* What is required
Each line from the top of the listing through the one holding "Die Mitglieder des" should be restated word for word, with nothing added and no pictures.

* Dataset extract
——————
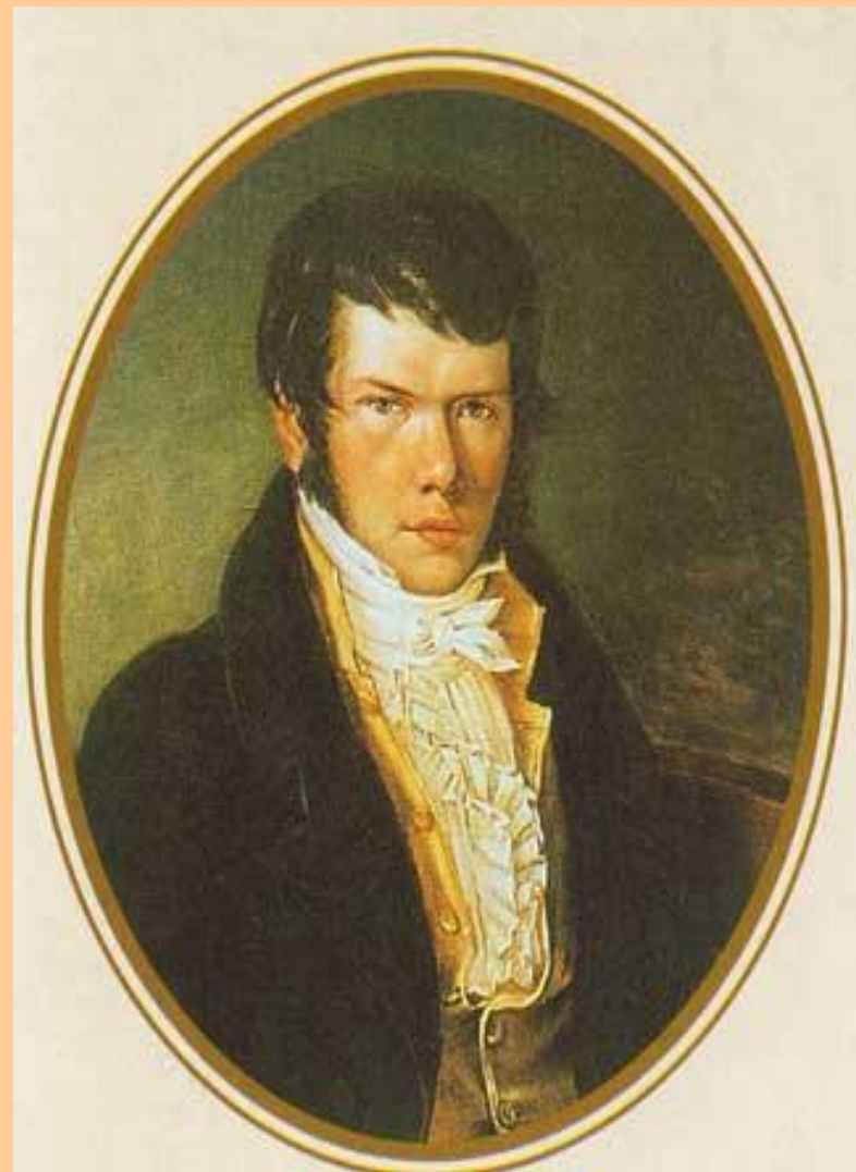
Князь Петр Андреевич Вяземский
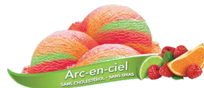
Sorbet à l'orange, framboise et limette

UPC Code: 0 62942 01027 1 SCC Code: 100 62942 01027 8
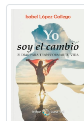
YO SOY EL CAMBIO LÓPEZ GALLEGU, ISABEL
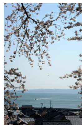
9. 春の海(石崎町) 石崎町の家並みと七尾南湾
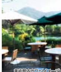
美術館内カフェ(イメージ)

湯布院の金鱗湖に建つ美術館。美しい景色を背景にアート・カフェ・ショッピングをお楽しみください。
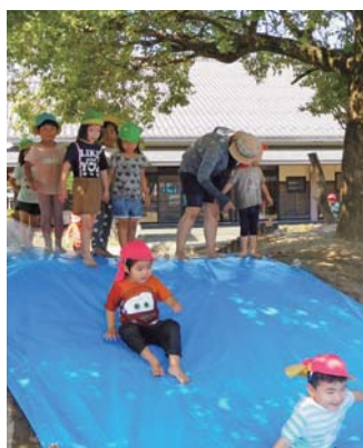
▲木陰でウォータースライダーをして遊ぶ子どもたち
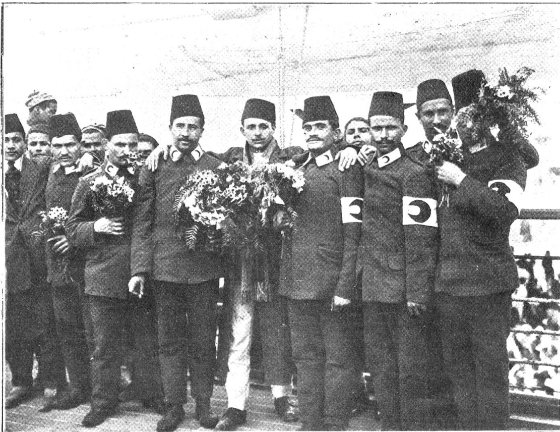
Die Mitglieder des Roten Halbmondes werden vor ihrer Abfahrt nach dem Kriegsschauplatz von ihren Brüdern aus Tunis mit Blumen geschmückt.

auf seine Lazarettfahne pflanzen. Bei so | gedrungenerweise unheiljame Verwirrung ent- mannigfaltigen Abzeichen müßte aber not- | stehen: —
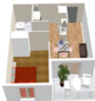
PLAN TYPE T2
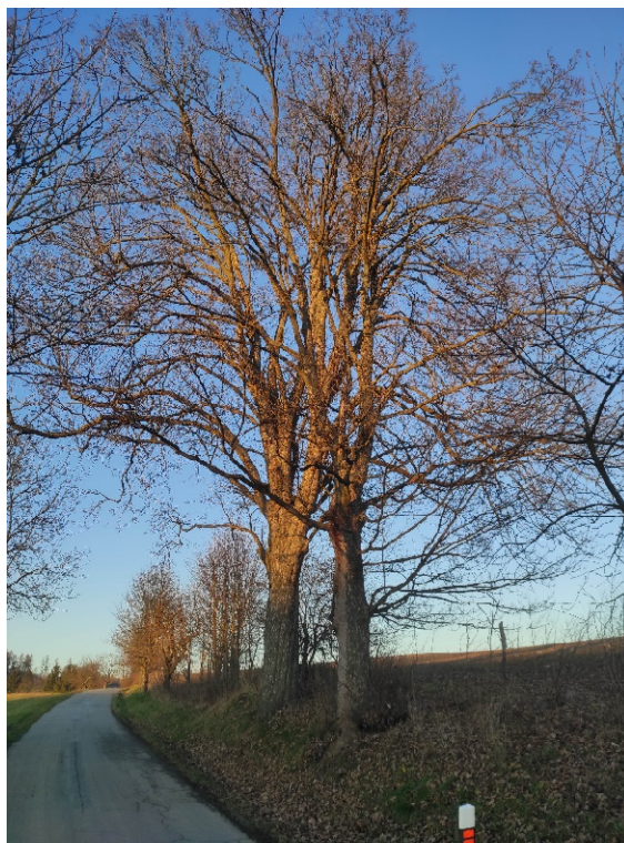
Javor klen vedle předchozího na zkratce od Němčic do Žďáru od rozcestí k rybníku „Starý“ ve směru na Žďár nalevo.
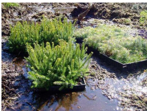
Joonis 2. Potitaimede vees hoidmine enne istutamist
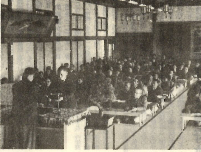
(写真は公民館で行なわれた農業共進会の表彰式)

せむしかつ農作もいよいよ12月9日午後1時から、この一年間に行なわれた農業関係の5つの共進会の表彰式が市民会館で盛大に開かれました。 5つの共進会は、第1回共進会、梨共進会、第2回畜産共進会、水産共進会、年間条収共進会共進会です。受賞者は24人の汗の結晶がこの栄えある受賞となったものです。表彰式はこれらの共進会をまとめて、農閑期に入つたこの日に行ない、その栄を一堂に集めたいとするもので、神田知事、石井市長から賞状を受ける受賞者の方々は、この日を特別な喜びで、またに幸せうな一日でした。以下、新聞の関係で掲載してお知らせします。
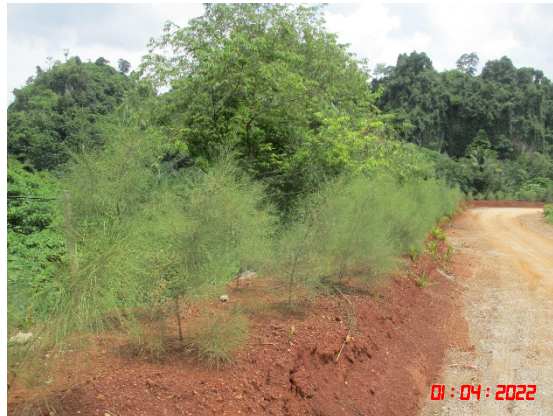
รูปที่ 2-5 บ่อดักตะกอน
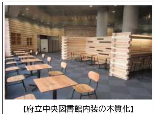
【府立中央図書館内装の木質化】

今後ともウィズコロナの状況や中之島図書館の書庫建替工事に係る施設の状況等を踏まえつつ、企画の工夫などを重ねたいと考えています。
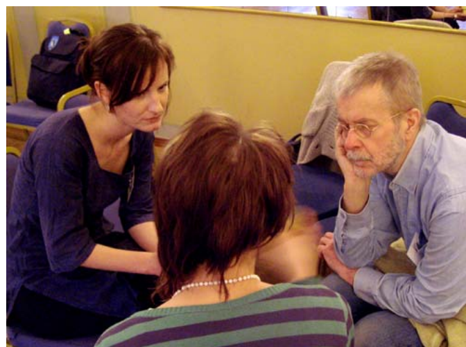
Gruppdiskussion under öppet forum.

Utvärderingarna visar att eldsjälmarna i ännu högre grad än vad som skedde önskade fördjupa sig i sina egna och de andras verksamheter. Att ge mer utrymme för att ifrågasätta och omformulera mål, strategi, hinder och lärdomar kan vara ett sätt att förbättra eldsjälsträffarna. Mer fri tid på kvällar och pauser för spontana samtal kring svåra situationer och hur man hanterat dem kan vara ett annat.
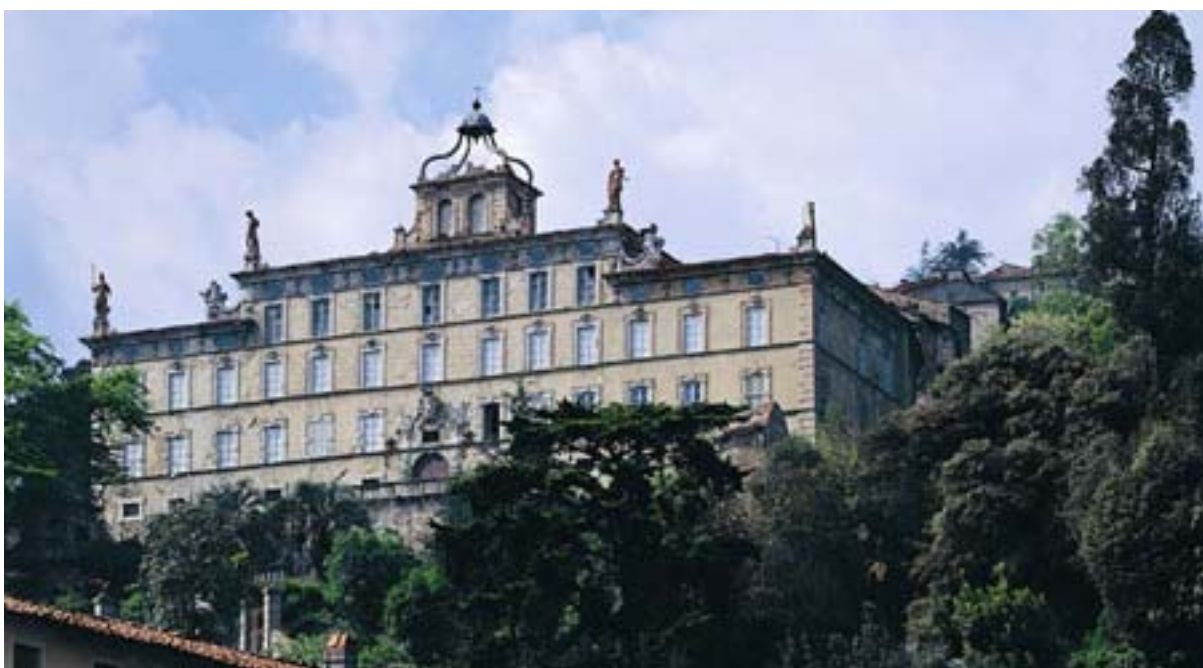
Pistoia - L'Hotel Villa Cappugi

Si chiama " Lucca insieme " ed è un piano di marketing territoriale della città di Pisa e Lucca che vuole promuoverle come un'unica destinazione turistica. L'accordo per la realizzazione del piano, che vuole accrescere, nel periodo di bassa stagione, le presenze turistiche sul territorio dei passeggeri in arrivo all' Aeroporto Galilei di Pisa, è stato firmato tra il Comune di Pisa , il Comune di Lucca e la Società Aeroporto Toscano . Per la prima volta le due città definiranno un piano di comunicazione che prevede principalmente l'impiego degli strumenti web rispondendo così al trend sempre più diffuso che vede il turista affidarsi in gran parte ad Internet per la ricerca e la scelta della propria vacanza in libertà. Il target individuato infatti è quello del turista europeo abituato a viaggiare in Europa utilizzando normalmente voli "low cost" anche per soggiorni brevi come "winter-break" o week-end lunghi.
——————
* Solution
Князь Петр Андреевич Вяземский
Sorbet à l'orange, framboise et limette

UPC Code: 0 62942 01027 1 SCC Code: 100 62942 01027 8
YO SOY EL CAMBIO LÓPEZ GALLEGU, ISABEL
9. 春の海(石崎町) 石崎町の家並みと七尾南湾
美術館内カフェ(イメージ)

湯布院の金鱗湖に建つ美術館。美しい景色を背景にアート・カフェ・ショッピングをお楽しみください。
▲木陰でウォータースライダーをして遊ぶ子どもたち
Die Mitglieder des Roten Halbmondes werden vor ihrer Abfahrt nach dem Kriegsschauplatz von ihren Brüdern aus Tunis mit Blumen geschmückt.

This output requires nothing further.